Roger Williams in Rhode Island, in 1639, became a Baptist, and the "Society of the First Baptist Church," which he founded that year in Providence, claims to be the oldest Baptist organization in America. But Williams seems to have been somewhat unstable, for he only remained with this church as pastor four years, then withdrawing, as he had grave doubts of the validity of his own baptism. It appears that when this church was started, a layman, Ezekiel Holliman, first baptized Williams, and then Williams baptized Holliman and the others. When he withdrew, it was not only from the pastoral relation, but he ceased worshipping with the brethren, and his conscientious scruples finally brought him to the conclusion that there is "no regularly constituted church on earth, nor any person authorized to administer any church ordinance, nor could there be until new apostles were sent by the great Head of the Church, for whose coming he was seeking." During many years thereafter he held his religious meetings in a grove.

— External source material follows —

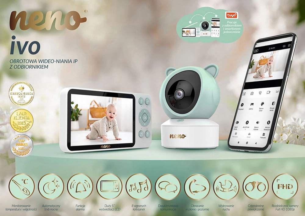 Protégez le sommeil paisible de votre bébé avec le babyphone vidéo NENO Ivo – une combinaison d’une caméra Full HD motorisée et d’un écran LCD 5" pour une vue d’ensemble cristalline à la maison comme à distance via l’application. Il offre un contrôle Pan&Tilt, une vision nocturne, la détection de mouvement et de son, une communication bidirectionnelle, 8 berceuses et des capteurs de température et d’humidité. Grâce à sa longue portée, son support flexible et l’option d’enregistrement sur microSD, vous l’adaptez facilement à toute chambre d’enfant.
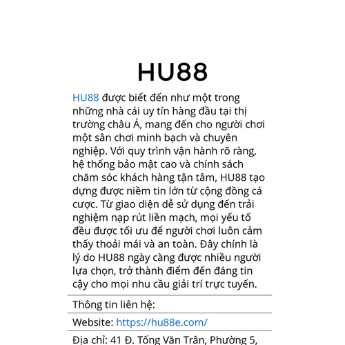 HU88 được biết đến như một trong những nhà cái uy tín hàng đầu tại thị trường châu Á, mang đến cho người chơi một sân chơi minh bạch và chuyên nghiệp. Website: https://hu88e.com/

This venerable Baptist society which Roger Williams founded built a new church in 1726, and in its honor they had a "grand dinner." The elaborate banquet of those primitive days consisted of the whole congregation dining upon one sheep, one pound of butter, two loaves of bread, and a peck of peas, at a cost of twenty-seven shillings. Their white wooden church, with its surmounting steeple, overlooks the city from a slope rising above Providence River.

THE CITY OF PROVIDENCE.

Providence is beautifully situated on the hills at the head of Narragansett Bay, and its centre is a fine new Union Railway Station, completed in 1897. Near by is the massive City Hall, one of the chief public buildings in Rhode Island, a granite structure costing $1,500,000. In high relief upon its front is a medallion bust of the founder of the little State, Roger Williams, wearing the typical sugar-loaf hat. A feature of this impressive building is the magnificent stair-hall, lighted from above; and from the surmounting tower there is a wide view over the city and suburbs, and far down the bay towards the ocean. In front is the public square, with a stately Soldiers' and Sailors' Monument of blue Westerly granite, bearing the names of nearly seventeen hundred men of Rhode Island who fell in the Civil War, and guarded by well-executed bronze statues representing the different arms of the service. Facing it is a statue in heroic bronze of the Rhode Island General Burnside, who died in 1881. These works are artistic, but the priceless art gem in Providence is the exquisite little picture of "The Hours," painted on a sheet of ivory six by seven inches, in London, by the great portrait and miniature painter, Edward Greene Malbone, of Newport—the three Grecian nymphs, Eunomia, Dice and Irene, representing the Past, Present and Future. The President of the Royal Academy said of it, "I have seen a picture, painted by a young man of the name of Malbone, which no man in England could excel." This is his masterpiece, one of the most admired paintings in America, and is kept carefully in the AthenÆum (to which it was presented by a public subscription in 1853), a solid little granite house built on the hillside, not far from the Baptist church.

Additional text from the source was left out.